Впрочем, я предпочитаю думать, что Кормильцев не умер, а улетел в Перу и теперь живет там. Он всегда этого хотел, говорил, что лучший алкалоид — листья коки, они не изменяют сознание, а снимают страх. На похоронах в гробу лежала какая-то желтая кукла, небрежно сделанная, совершенно на Кормильцева не похожая. И многие переглядывались таинственно, слишком таинственно. Я не был в эту тайну посвящен, меня, видимо, не сочли достойным. Эта мысль ужасна, но все-таки менее ужасна, чем смерть Кормильцева. Поэтому я и до сих пор думаю, что он там и что мы с ним там увидимся. Я ведь по его совету тоже стал ездить в Перу и снимать там страх, который, впрочем, и так ослабел с годами.

 

2

Кормильцев был великим поэтом — если принимать это как термин, без придыхания и пафоса: великим поэтом называется тот, чьи слова ушли в народ, разошлись на цитаты и стали обозначать новые состояния, для которых раньше не было термина. Это могут быть принципиально новые состояния, которые появились вследствие технических или медикаментозных новшеств, а могут быть эмоции, которых раньше не замечали. Скажем, «Такое ощущение, словно мы собираем машину, которая всех нас раздавит», — ощущение человека специфической переломной эпохи, но переломные эпохи бывали и до Кормильцева, а формулы такой до него не было. Подчеркиваю: говоря о цитатах, ушедших в народ, я не имею в виду газетные заголовки, лозунги, иные формы внедрения поэтического слова в массы. Но Маяковский и Окуджава, например, все равно великие поэты, хотя тысячи статей назывались словами «Читайте, завидуйте: я гражданин…» или «Каждый пишет, как он дышит». Кормильцев внедрялся в массы с помощью русского рока, который на рубеже девяностых звучал отовсюду — ни до, ни после перестройки он не знал такой славы; но дело не в интенсивности внедрения, а в убийственной точности мгновенно запоминающихся формул, в которых парадоксальность сочеталась с очевидностью. Поэзия, в общем, это и есть внезапная формулировка очевидного, когда один высказал то, что знали все.

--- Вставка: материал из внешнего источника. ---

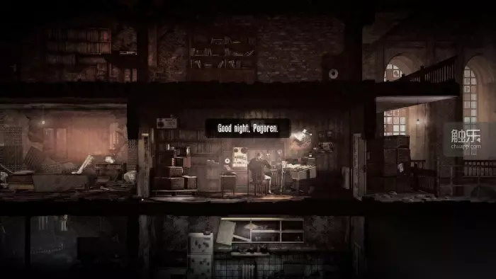 和本篇一样,玩家可以用自己希望的方式度过战争 第二个体现是和本篇接近的地图数量及质量。《父亲》中的很多地图过于单调而狭小,往往单晚能够刷完,使得流程节奏过快,一两个小时就见了结局,在10元售价下显得非常干瘪。《广播》则延续了本篇的标准,不仅有十多张大号地图,每张基本上都要至少两天才能跑全,但又兼顾了流畅性,单个地图一般不超过3天便可攻略完整,一遍玩下来有好几个小时的精致流程,显得18元的价格极其良心。 这些地图只有个别是来自本篇的,完全没有改动(如“仓库”),其他地图要么在本篇基础上进行了很多道具和攻略细节上的变动,要么是彻底的新地图,还足够大。流程上还和本篇一样,同时可选去两三个地方,保证了自由度,使得《广播》的剧情线玩上两三周目也不觉单调。再加上三四十天的战争进度也与本篇体量相当,彻底拒绝了《父亲》那种寒酸的感觉。

Кормильцев изначально не был рок-поэтом, просто рок подвернулся вовремя, чтобы растиражировать его открытия и, шире, его манеру. Алексей Дидуров часто повторял, что особенность русского рока — преимущественное внимание к слову. Это и так, и не так: не ко всякому слову. Рок отразил именно этот слом, восторг и негодование нового существа, которое ощутило себя не совсем человеком, от одних отстало, к другим не пристало и теперь тоскует, мучается в одиночестве, страдает от мнительности, ненавидит всех — но однако располагает новыми, невиданными возможностями и начинает осторожно ими пользоваться. Это мироощущение во многом подростковое, когда ты внезапно рвешь с родителями, неуютно чувствуешь себя в любимом прежде доме, зато можешь пить, курить и все такое прочее. Кормильцеву в начале восьмидесятых, задолго еще до краха СССР, открылась относительность и узость многих понятий, он понял всю спекулятивность любой морали и всю ограниченность любой идеологии, ему многое стало понятно про человека, он стал интересоваться только крайностями, консервативными или анархическими, неважно; трагизм и пошлость человеческой участи, увиденной с порядочной дистанции, стали его главными темами. Писать обо всем этом в рифму, традиционным стихом, было невозможно, конечно. И тут подвернулся свердловский рок, для которого главными доминантами были те же трагизм и пошлость (причем и в самом этом роке хватало как пошлого, так и трагического).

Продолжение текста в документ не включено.